COVID-19 on the Energy Sector: ERERA Chairman Says Oil Increment Affects Costs of Energy Supply for Electricity Companies
By Patience Loum
The Chairperson of the ECOWAS Regional Electricity Regulatory Forum (ERERA) Mr Laurent Kocou Rodrigue Tossou has highlighted the impact of rising oil prices creating an increase in the costs of energy supplies for ECOWAS states and production costs of electricity companies.
“We are faced with rising commodity supply costs and inflation, which affects the competitiveness and growth of our economies. We are also facing strong growth in energy demand with infrastructure and supply that do not always meet the requirements in terms of availability and quality”.
Speaking at the 7th ECOWAS Regional Electricity Regulatory Forum at the Sir Dawda Kairaba Jawara conference in Banjul on 9th November 2022, the chairman said these factors show the inherent and structural difficulties of the current design and development of the electricity sector and power market.
“Providing sufficient energy to meet the requirements of a growing population with rising living standards will require strong commitments by policymakers to energy supply and energy efficiency,” he said.
He said the issue of mobilizing financing for the development of these infrastructures remains insufficient and crucial for States.
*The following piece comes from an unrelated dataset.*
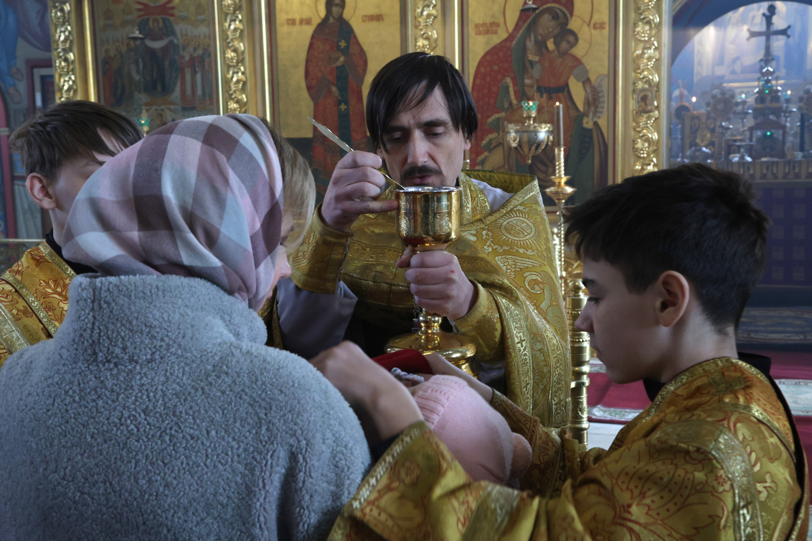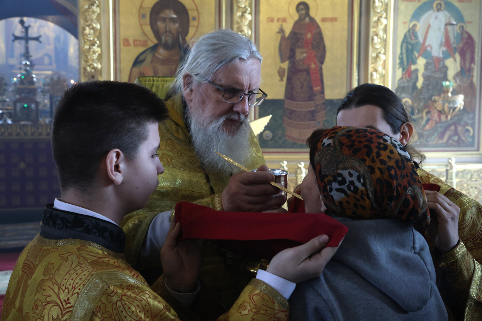 Проповедь перед причащением мирян произнес отец Андрей.

“The structural choices implemented in the various countries limit the development of the regional electricity market (disparities in the organization of the sector and the diversity of regulations). Therefore, there is a strong need for harmonization (institutions and regulations) in order to create a coherent, stable and attractive investment framework in the region.
Chairman Tossou added that some member states are still far from the free trade provided for in the Energy Protocol with uncertainties as to the appropriate degree of opening to competition at the national level.
This, he says, raises the question: how can policies address the current difficulties of the power market while simultaneously achieving the structural targets of security, affordability, and sustainability of supply in the context of de-carbonization?
“The issue of energy security and independence of our countries remains a critical concern at the national level but also at the regional level. In a difficult energy context such as at present, some actors may be tempted by a logic of isolation or sovereign individual initiatives to guarantee the security of supply for their populations.”
He said the worrying energy situation could be addressed by a concerted regional approach supported by strong political will and commitment from all stakeholders.
Mr Tossou highlighted the need for solidarity and cooperation in addressing the issue of energy security.
“We are interdependent on energy supply, and we are interdependent in our actions to address future global challenges and conditions. We are condemned to act together to build infrastructure and electricity systems adapted to all our needs, to find innovative sources of financing for our energy projects, to define together development objectives and policies for our countries and more particularly the energy sector, to build together institutional and legislative frameworks adapted to its common objectives, to build together a unified, prosperous and competitive regional electricity market to provide our 350 million peoples in the community with clean, reliable and affordable electricity.”